__Dataset entries__:
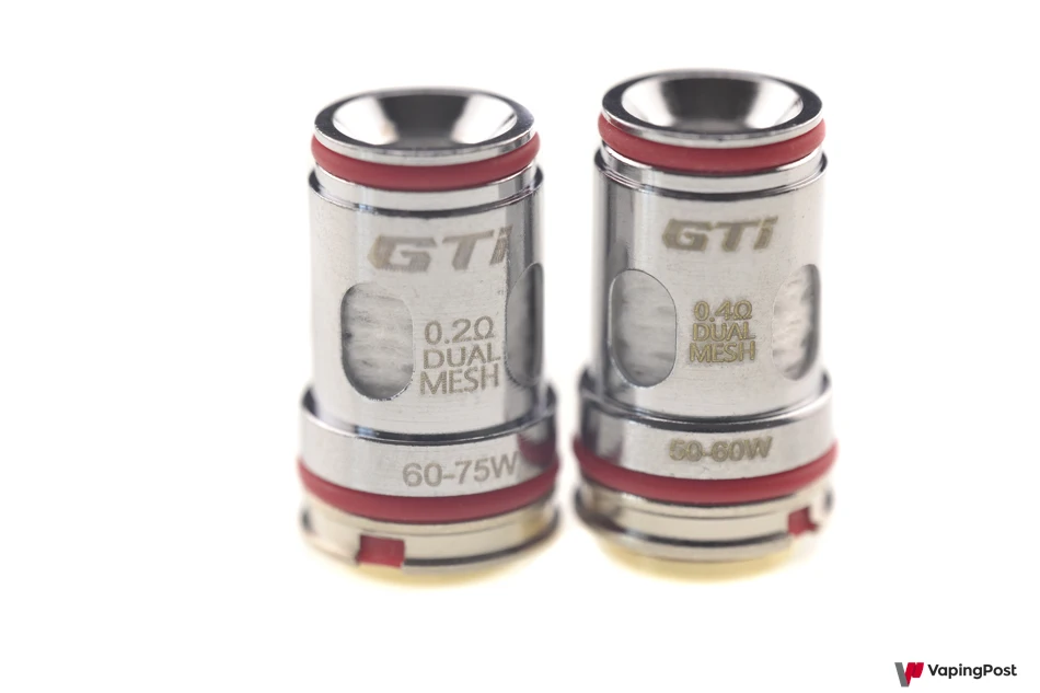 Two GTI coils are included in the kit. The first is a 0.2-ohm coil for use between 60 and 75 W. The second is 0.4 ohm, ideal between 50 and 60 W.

==

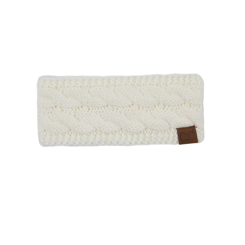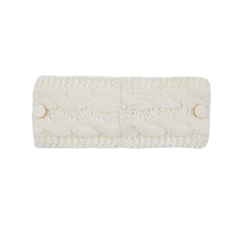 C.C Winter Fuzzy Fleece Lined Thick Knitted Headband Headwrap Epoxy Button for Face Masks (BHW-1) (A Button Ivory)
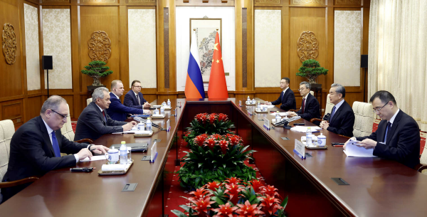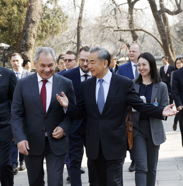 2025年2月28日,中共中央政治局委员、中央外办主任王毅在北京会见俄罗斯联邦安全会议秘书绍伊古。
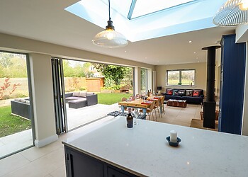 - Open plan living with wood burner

__Task brief__: Starting at the line with "C.C Winter Fuzzy" in the entries above, write out every line exactly until the line with "- Open plan living with wood burner" has been written. Include no pictures and nothing more.

__Result of this task__:
 C.C Winter Fuzzy Fleece Lined Thick Knitted Headband Headwrap Epoxy Button for Face Masks (BHW-1) (A Button Ivory)
 2025年2月28日,中共中央政治局委员、中央外办主任王毅在北京会见俄罗斯联邦安全会议秘书绍伊古。
 - Open plan living with wood burner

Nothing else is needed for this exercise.